Dios dona amor, Dios pide amor. Esta es la raíz mística de toda la vida
creyente. Los primeros cristianos en oración, pero también nosotros que
venimos varios siglos después, vivimos todos la misma experiencia. El
Espíritu anima todo. Y todo cristiano que no tiene miedo de dedicar tiempo a
la oración puede hacer propias las palabras del apóstol Pablo: «La vida que
vivo al presente en la carne, la vivo en la fe del Hijo de Dios que me amó y
se entregó a sí mismo por mí» (Gal 2, 20). La oración te hace consciente de
esto. Solo en el silencio de la adoración se experimenta toda la verdad de
estas palabras. Tenemos que retomar el sentido de la adoración. Adorar,
adorar a Dios, adorar a Jesús, adorar al Espíritu. El Padre, el Hijo y el
Espíritu: adorar. En silencio. La oración de la adoración es la oración que
nos hace reconocer a Dios como principio y fin de toda la historia. Y esta
oración es el fuego vivo del Espíritu que da fuerza al testimonio y a la
misión. Gracias.
Saludos:
Saludo cordialmente a los fieles de lengua española. El próximo domingo
iniciará el Adviento, tiempo litúrgico que nos ayuda a prepararnos para la
Navidad. Los animo, por lo tanto, a dedicar momentos a la oración, meditando
a la luz de la Palabra de Dios, para que el Espíritu Santo que la habita
vaya iluminando el camino a seguir y transformando el corazón, en la espera
del Nacimiento de Nuestro Señor Jesucristo. Que Dios los bendiga.

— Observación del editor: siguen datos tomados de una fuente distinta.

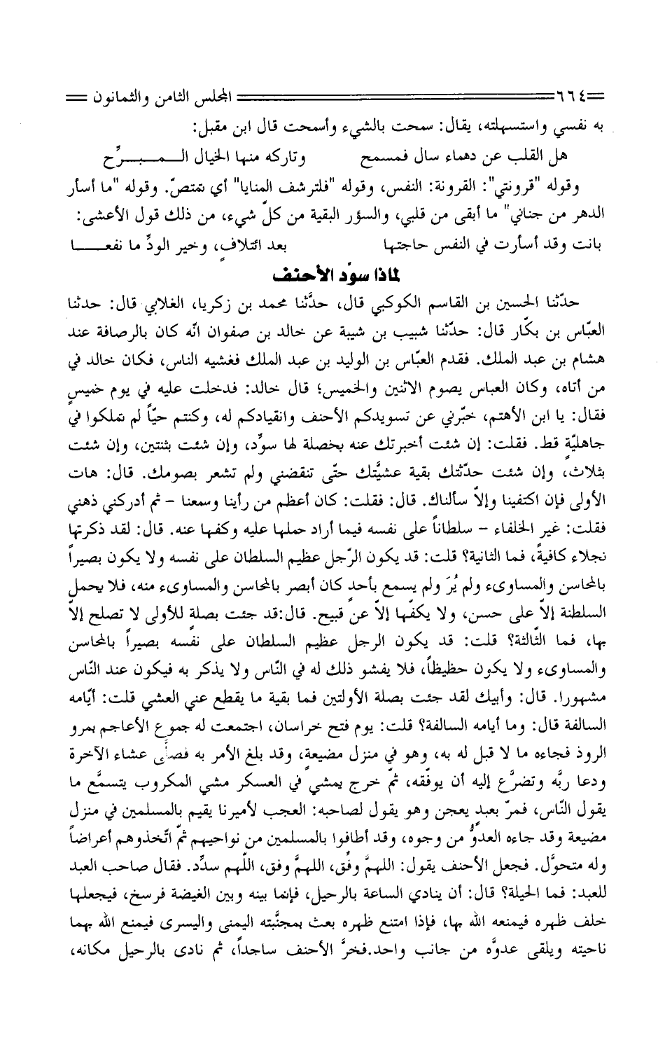 حَدَّثَنَا الْحُسَيْنُ بْنُ الْقَاسِمِ الْكَوْكَبِيُّ قَالَ، حدَّثنا مُحَمَّدُ بْنُ زَكَرِيَّا، الْغَلابِيُّ قَالَ: حَدَّثَنَا الْعَبَّاس بْن بكار قَالَ: حَدَّثَنَا شَبِيبُ بْنُ شَيْبَةَ عَنْ خَالِدِ بْنِ صَفْوَانَ أَنَّهُ كَانَ بِالرُّصَافَةِ عِنْدَ هِشَامِ بْنِ عَبْدِ الْمَلِكِ. فَقَدِمَ الْعَبَّاسُ بْنُ الْوَلِيدِ بْنِ عَبْدِ الْمَلِكِ فَغَشِيَهُ النَّاسُ، فَكَانَ خَالِدٌ فِي مَنْ أَتَاهُ، وَكَانَ الْعَبَّاسُ يَصُومُ الاثْنَيْنِ وَالْخَمِيسَ؛ قَالَ خَالِدٌ: فَدَخَلْتُ عَلَيْهِ فِي يَوْم خميسٍ فَقَالَ: يَا ابْن الأَهْتَمِ، خَبِّرْنِي عَنْ تَسْوِيدِكُمُ الأَحْنَفِ وَانْقِيَادِكُمْ لَهُ، وَكُنْتُمْ حَيًّا لَمْ تُمْلَكُوا فِي جاهليّةٍ قَطُّ. فَقُلْتُ: إِنْ شِئْتَ أَخْبَرْتُكَ عَنْهُ بِخَصْلَةٍ لَهَا سوِّد، وَإِنْ شِئْتَ بِثِنْتَيْنِ، وَإِنْ شِئْتَ بِثَلاثٍ، وَإِنْ شِئْتَ حدّثتك بَقِيَّة عشيَّتك حتّى تنقضني وَلَمْ تَشْعُرْ بِصَوْمِكَ. قَالَ: هَاتِ الأُولَى فَإِنِ اكْتَفَيْنَا وَإِلا سَأَلْنَاكَ. قَالَ: فَقُلْتُ: كَانَ أَعْظَمَ مَنْ رَأَيْنَا وَسَمِعْنَا - ثُمَّ أَدْرَكَنِي ذِهْنِي فَقُلْتُ: غَيْرَ الْخُلَفَاءِ - سُلْطَانًا عَلَى نَفْسِهِ فِيمَا أَرَادَ حَمْلَهَا عَلَيْهِ وكفهَّا عَنْهُ. قَالَ: لَقَدْ ذَكَرْتَهَا نَجْلاءَ كَافِيَةً، فَمَا الثَّانِيَةُ؟ قُلْتُ: قَدْ يَكُونُ الرَّجُلُ عَظِيمَ السُّلْطَانِ عَلَى نَفْسِهِ وَلا يَكُونُ بَصِيرًا بالمحاسن والمساوىء وَلَمْ يُرَ وَلَمْ يُسْمَعْ بأحدٍ كَانَ أبْصر بالمحاسن والمساوىء مِنْهُ، فَلا يَحْمِلُ السَّلْطَنَةَ إِلا عَلَى حَسَنٍ، وَلا يَكُفُّهَا إِلا عَنْ قَبِيحٍ. قَالَ: قَدْ جِئْتُ بصلةٍ للأُولَى لَا تَصْلُحُ إِلا بِهَا، فَمَا الثَّالِثَةُ؟ قُلْتُ: قَدْ يَكُونُ الرَّجُلُ عَظِيمَ السُّلْطَانِ عَلَى نَفسه بَصيرًا بالمحاسن والمساوىء وَلا يَكُونُ حَظِيظًا، فَلا يَفْشُو ذَلِكَ لَهُ فِي النَّاسِ وَلَا يُذْكَرُ بِهِ فَيَكُونُ عِنْدَ النَّاسِ مَشْهُورًا. قَالَ: وَأَبِيكَ لَقَدْ جِئْتَ بصلَة الأوليتن فَمَا بَقِيَّةُ مَا يَقْطَعُ عَنِّي الْعَشِيَّ قُلْتُ: أَيَّامُهُ السَّالِفَةُ قَالَ: وَمَا أَيَّامُهُ السَّالِفَةُ؟ قُلْتُ: يَوْمُ فَتْحِ خُرَاسَانَ، اجْتَمَعَتْ لَهُ جُمُوعُ الأَعَاجِمِ بِمَرْوِ الرُّوذِ فَجَاءَهُ مَا لَا قِبَلَ لَهُ بِهِ، وَهُوَ فِي مَنْزِلِ مضيعةٍ، وَقَدْ بَلَغَ الأَمْرُ بِهِ فصلَّى عِشَاءَ الآخِرَةِ وَدَعَا ربَّه وتضرَّع إِلَيْهِ أَنْ يُوَفِّقَهُ، ثُمَّ خَرَجَ يَمْشِي فِي الْعَسْكَرِ مَشْيَ الْمَكْرُوبِ يتسمَّع مَا يَقُولُ النَّاسُ، فَمَرَّ بعبدٍ يَعْجِنُ وَهُوَ يَقُولُ لِصَاحِبِهِ: الْعَجَبُ لأَمِيرِنَا يُقِيمُ بِالْمُسْلِمِينَ فِي مَنْزِلِ مَضِيعَةٍ وَقَدْ جَاءَهُ العدوُّ مِنْ وُجُوهٍ، وَقَدْ أَطَافُوا بِالْمُسْلِمِينَ مِنْ نَوَاحِيهِمْ ثمّ اتّخذوهم أعراضاً وَلَهُ متحوَّل. فَجَعَلَ الأَحْنَفُ يَقُولُ: اللهمَّ وفِّق، اللهمَّ وَفِّقْ، اللَّهُمَّ سدِّد. فَقَالَ صَاحِبُ الْعَبْدِ لِلْعَبْدِ: فَمَا الْحِيلَةُ؟ قَالَ: أَنْ يُنَادِيَ السَّاعَةَ بِالرَّحِيلِ، فَإِنَّمَا بَيْنَهُ وَبَيْنَ الْغَيْضَةِ فَرْسَخٌ، فَيَجْعَلَهَا خَلْفَ ظَهْرِهِ فَيَمْنَعَهُ اللَّهُ بِهَا، فَإِذَا امْتَنَعَ ظَهْرُهُ بَعَثَ بمجنَّبته الْيُمْنَى وَالْيُسْرَى فَيَمْنَعَ اللَّهُ بِهِمَا نَاحِيَتَهُ وَيَلْقَى عدوَّه مِنْ جَانِبٍ وَاحِدٍ. فخرَّ الأَحْنَفُ سَاجِدًا، ثُمَّ نَادَى بِالرَّحِيلِ مَكَانَهُ،

Resumen leído por el Santo Padre en español
Queridos hermanos y hermanas:
En esta catequesis reflexionamos sobre la oración en las primeras
comunidades cristianas. Encontramos en el libro de los Hechos de los
Apóstoles y en otros escritos apostólicos cuatro características esenciales
de la vida de la Iglesia: la escucha de la predicación de los apóstoles, la
comunión recíproca, la fracción del pan y la oración.
Estas cuatro “coordenadas” nos recuerdan que la existencia de la Iglesia
tiene sentido si permanece unida a Cristo. Todo lo que crece fuera de esto
carece de fundamento, es como una casa que se construye sobre arena. Los
primeros cristianos experimentaron que la oración es el espacio del diálogo
con el Padre, mediante Cristo en el Espíritu Santo y descubrieron que el
encuentro con Jesús no era algo histórico, sino que continúa en la propia
vida, infunde paz, luz y calor a la existencia y es el motor de la
evangelización.
La vida de la Iglesia, desde los comienzos, está marcada por celebraciones,
reuniones y momentos de oración personal y comunitaria. En los encuentros de
oración, los cristianos se sumergen en el misterio de Dios —que da amor y
pide amor—, y hallan en Él el fundamento y el impulso para la acción
misionera. Esta es la raíz mística de toda la vida del creyente.